5 and E14.0 ( Figures 4 and S4; Table S1), which was very similar to the VZ defects found in the Lhx6PLAP/PLAP;Lhx8−/− mutant ( Figures 1 and S1). By E18.5, the progenitor zone phenotype in the Dlx1/2-cre;ShhF/− mutant appeared to be restricted to the rostrodorsal MGE. We propose that Lhx6/Lhx8-dependent Shh expression and secretion from neurons in the MGE MZ regulates the properties
Ibrutinib nmr of the overlying VZ. The Shh signaling may take place in the radial glial processes that interdigitate among the neurons, and/or through Shh diffusion to the VZ, where it would activate signaling in the neuroepithelial cell bodies. The ramifications of reducing Shh signaling in the dorsal MGE (based on reduced Gli1 and Ptc1 expression) include greatly reduced VZ expression of Nkx2-1 and Nkx6-2 and SVZ expression of Lhx6 and Lhx8 ( Figure 4, Figure 5 and Figure 6, S4, and S5). As discussed throughout this paper, Nkx2-1, Lhx6, and Lhx8 are required for the development of most MGE-derivatives.
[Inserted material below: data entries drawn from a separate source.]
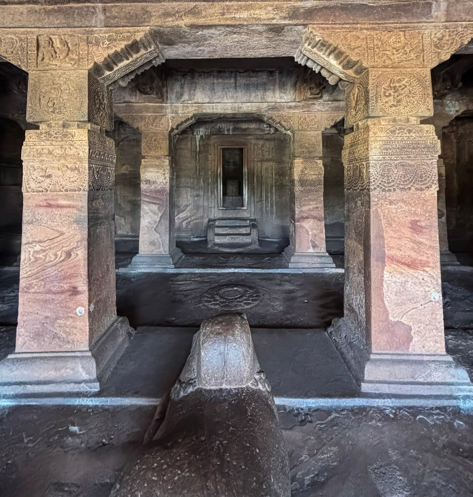 • Layout: The cave shares a similar layout to Cave 1. It features a pillared verandah (mukha-mandapa). There is also a central pillared hall (maha-mandapa) and a small, square sanctum (garbhagriha) deep inside
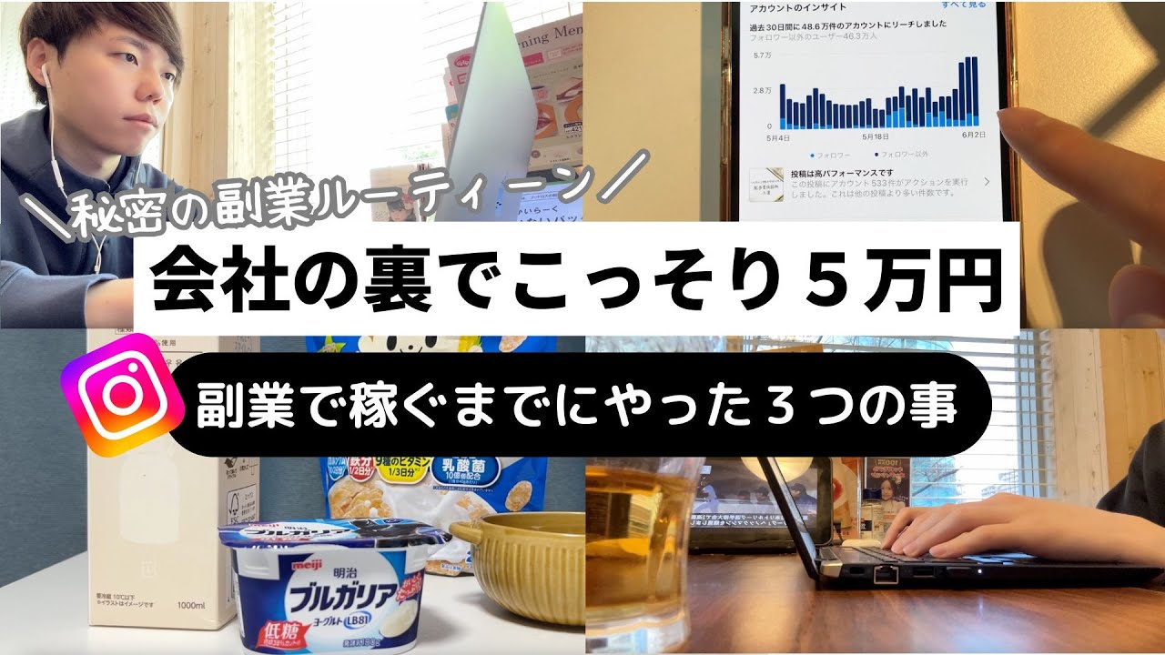 【会社の裏でこっそり稼ぐ】僕が副業で月5万稼ぐまでにやった3つのこと【インスタ✖️アフィリエイト】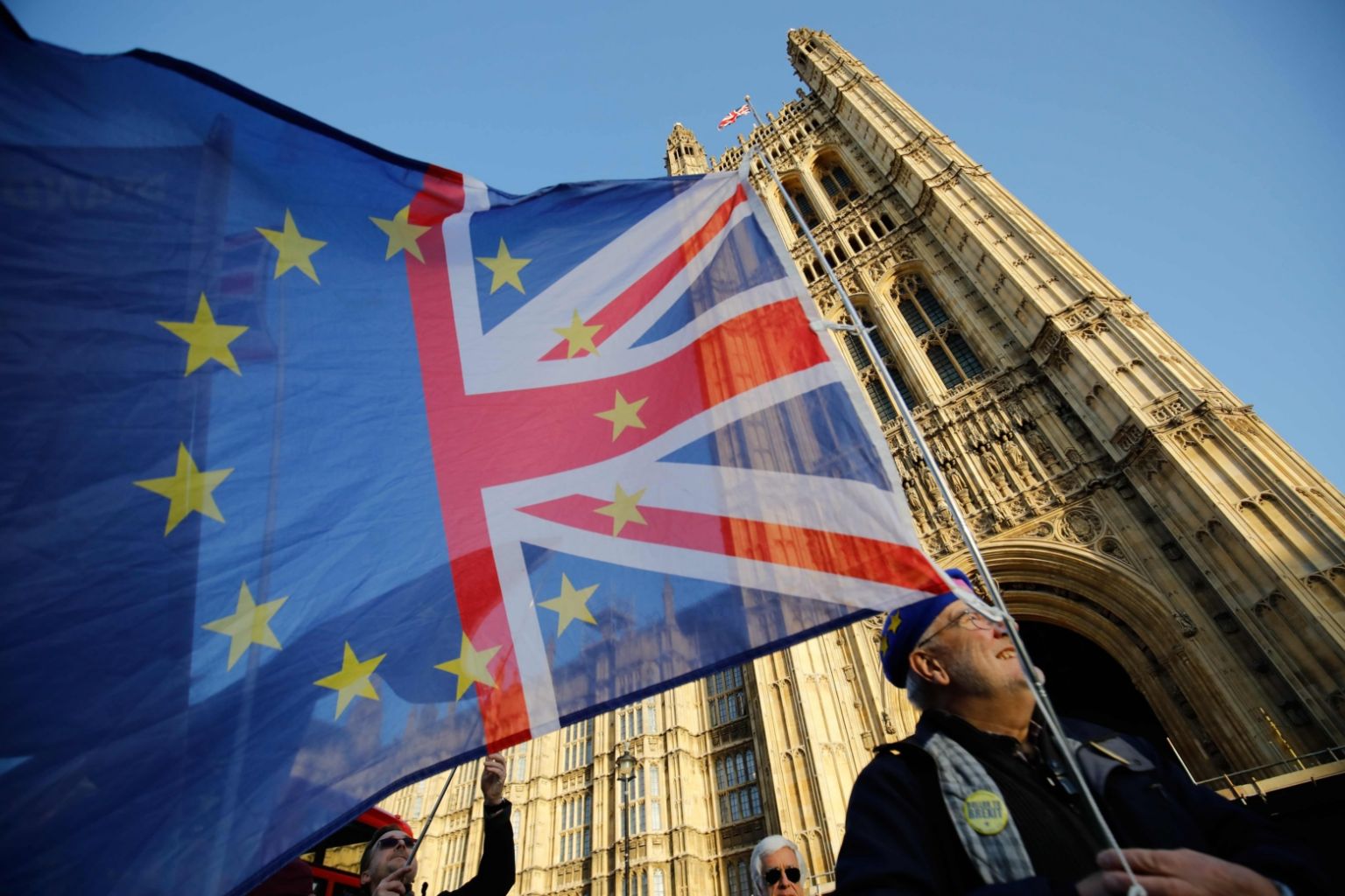 An anti-Brexit activist flies a flag showing the colours of the UK and the EU outside the Houses of Parliament in London, on Dec 11, 2018.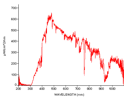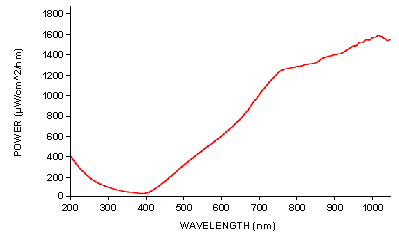 HR4000CG光譜儀使用HC-1光柵,它是一種的可變閃耀波長光柵,提供的波長范圍為200-1100nm。(預(yù)配置光柵的波長范圍為200-1100nm,但是有效的波段是在200-1050nm之間,請參照HC-1光柵效率曲線)。HR4000CG光譜儀還采用了OFLV-200-1100可變長通濾光片以消除二級和三級衍射的影響。光柵和濾光片在出廠時就已經(jīng)安裝并固定。 光學平臺 HR4000CG光譜儀使用"HR"光學平臺,5um入射狹縫,并且升級為UV4紫外窗片,用來增強光譜儀在紫外區(qū)的響應(yīng)。HR4000CG光譜儀是HR2000CG光譜儀的升級產(chǎn)品,使用3648像元的線性CCD陣列探測器,并且在200-1100波長范圍內(nèi)提供好的光學分辨率。 USB2.0和數(shù)字輸入/輸出接口 HR4000CG光譜儀通過USB接口與PC連接,軟件從光譜儀上讀取設(shè)備的配置參數(shù)。HR4000CG光譜儀還提供10個可編程的數(shù)字輸入/輸出接口,一個模擬輸入口和一個模擬輸出口。 HG4000CG的光譜 太陽能光譜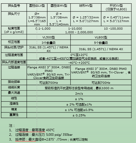 VL800:测量范围为:0.1 to 2,000,000 cP / mPa﹒s, 即使在温度高达450C,压力5,000 psi /350bar 的条件下,VL 800仍旧是非常可靠的在线粘度仪。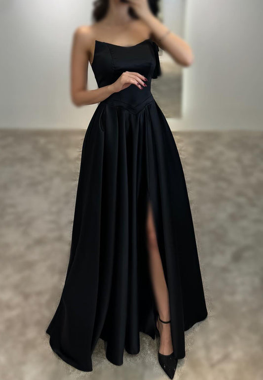 Off-Shoulder Sleeveless Bowknot Side Slit A-Line Evening Dress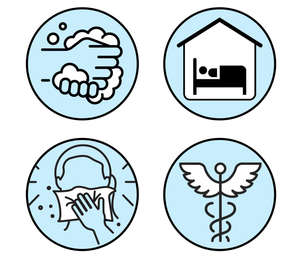 - Sanitize commonly touched surfaces/frequented places often (doorknobs, tables, bathrooms, etc.)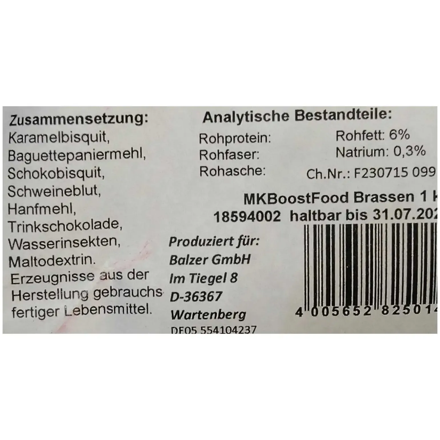 BRASSE: Süßes Futter mit Karamellnote und hohen Blutmehlanteil wie Brassen es besonders lieben.
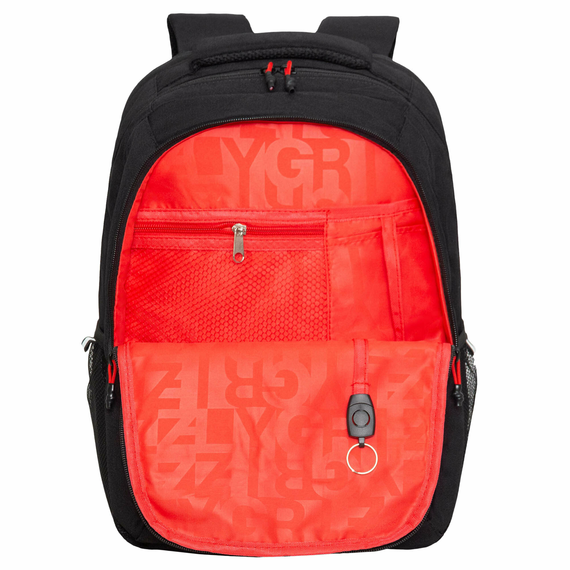 Школьный рюкзак с эргономичной спинкой GRIZZLY RU-436-2/1 черный - красный, 2 отделения, 832грамм, 47x32x17см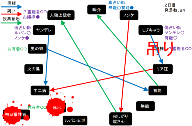 瞬介「噛みは共有者麻呂。偽占い師(人狼?)のヤンデレがノンケ●を出した。同じく偽占い師(狂信者?)のモブキャラは人狼の有能に○か。人狼上級者(たぶん人狼霊能者)の霊能結果お嬢様●が地味に後で影響しそうだな」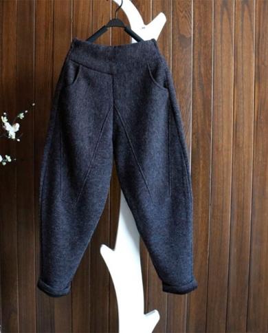 Autumn Winter New Arts Style Women Elastic Waist Loose Pants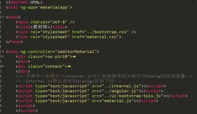 编辑器的自定义弹窗是一个iframe,在这个iframe中我们可以使用任何框架,本次开发中由于需要在弹窗中展现素材库的内容、分类还要使用分页,所以在弹窗中我又构建了一个angular环境:

Nkx6-2 function is selleck required for generating a subset of SOM+;CR+ interneurons ( Sousa et al., 2009), and Gli1 (in conjunction with Gli2) is required in patterning the dorsal MGE and in generating cortical interneurons ( Yu et al., 2009). There is evidence that Shh dosage participates in the specification
of cortical interneuron subtypes. Exposing MGE explants to 10 nM SHH altered the distribution of interneuron fates that are present after transplantation
into a neonatal cortex; augmentation too of Shh-signaling increased SOM+ cells and reduced PV+ cells (Xu et al., 2010). This result led to the proposal that high SHH signaling promotes SOM fate over PV fate. However, this idea does not readily fit with fate mapping data showing that the dorsal MGE has the propensity to generate SOM+ neurons, whereas the ventral MGE, whose VZ has much higher Shh expression has the propensity to generate PV+ neurons (Flames et al., 2007, Wonders et al., 2008 and Flandin et al., 2010). The previous in vivo investigations into Shh regulation of interneuron development focused on Shh expression and function in the VZ; here, we addressed whether Shh expression in the MZ of the MGE controls interneuron development. In Dlx1/2-cre;ShhF/− mutant, consistent with the reduction in Lhx6 expression, we found reductions of SOM+ and PV+ cortical interneurons ( Figure 7). However, both subtypes were similarly reduced (∼40% in superficial layers and ∼20% in deep layers), failing to provide evidence that Shh expression in the MZ differentially regulated interneuron fate. Rather, these results support a model that Shh expression in the MZ, promotes SHH signaling in the dorsal MGE that then produces both SOM+ and PV+ cortical interneurons. On the other hand, Shh expression in the VZ of the ventral MGE and POA is critical for regulating development of these more ventral regions.